The abbot rises and walks over to the fishermen.

“Well, what did you say about the church, old man? You said something interesting about the church, or was I mistaken?”

He casts a swift glance at Mariet and Haggart.

“It isn’t the church alone, abbot. There are four of us old men: Legran, Stoffle, Puasar, Kornu, and seven old women. Do I say that we are not going to feed them? Of course, we will, but don’t be angry, father—it is hard! You know it yourself, abbot—old age is no fun.”

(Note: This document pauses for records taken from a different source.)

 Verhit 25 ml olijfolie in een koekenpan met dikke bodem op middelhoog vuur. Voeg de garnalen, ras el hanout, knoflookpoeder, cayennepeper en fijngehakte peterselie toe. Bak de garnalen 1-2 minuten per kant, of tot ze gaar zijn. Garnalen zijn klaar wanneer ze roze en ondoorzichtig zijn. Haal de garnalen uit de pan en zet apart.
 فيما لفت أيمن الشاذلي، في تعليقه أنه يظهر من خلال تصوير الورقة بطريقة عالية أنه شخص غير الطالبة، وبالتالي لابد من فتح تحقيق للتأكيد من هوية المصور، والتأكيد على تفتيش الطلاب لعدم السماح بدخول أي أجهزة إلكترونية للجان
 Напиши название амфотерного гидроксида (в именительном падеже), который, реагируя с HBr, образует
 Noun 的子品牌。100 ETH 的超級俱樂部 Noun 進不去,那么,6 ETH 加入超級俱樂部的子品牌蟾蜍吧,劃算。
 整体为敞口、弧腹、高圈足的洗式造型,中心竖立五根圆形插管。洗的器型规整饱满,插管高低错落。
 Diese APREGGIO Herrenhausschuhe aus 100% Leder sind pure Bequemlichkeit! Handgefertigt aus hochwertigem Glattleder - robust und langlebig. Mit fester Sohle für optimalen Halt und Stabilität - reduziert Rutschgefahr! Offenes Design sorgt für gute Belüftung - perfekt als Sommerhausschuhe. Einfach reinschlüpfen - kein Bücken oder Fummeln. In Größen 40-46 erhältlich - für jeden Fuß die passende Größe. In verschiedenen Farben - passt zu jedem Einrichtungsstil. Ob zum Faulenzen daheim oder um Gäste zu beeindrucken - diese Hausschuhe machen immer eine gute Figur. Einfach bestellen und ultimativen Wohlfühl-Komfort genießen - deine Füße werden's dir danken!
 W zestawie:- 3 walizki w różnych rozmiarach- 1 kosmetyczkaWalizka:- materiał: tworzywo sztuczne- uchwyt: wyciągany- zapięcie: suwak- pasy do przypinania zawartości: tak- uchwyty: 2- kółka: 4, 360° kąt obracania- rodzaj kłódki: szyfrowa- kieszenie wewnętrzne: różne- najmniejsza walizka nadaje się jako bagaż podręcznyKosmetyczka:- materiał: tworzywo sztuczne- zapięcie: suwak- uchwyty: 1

“I am an old man, too!” begins old Rikke, lisping, but suddenly he flings his hat angrily to the ground. “Yes, I am an old man. I don’t want any more, that’s all! I worked, and now I don’t want to work. That’s all! I don’t want to work.”

He goes out, swinging his hand. All look sympathetically at his stooping back, at his white tufts of hair. And then they look again at Desfoso, at his mouth, from which their words come out. A voice says:

“There, Rikke doesn’t want to work any more.”

All laugh softly and forcedly.

“Suppose we send Gart to the city—what then?” Desfoso goes on, without looking at Haggart. “Well, the city people will hang him—and then what? The result will be that a man will be gone, a fisherman will be gone—you will lose a son, and Mariet will lose her husband, and the little boy his father. Is there any joy in that?”

“That’s right, that’s right!” nods the abbot, approvingly. “But what a mind you have, Desfoso!”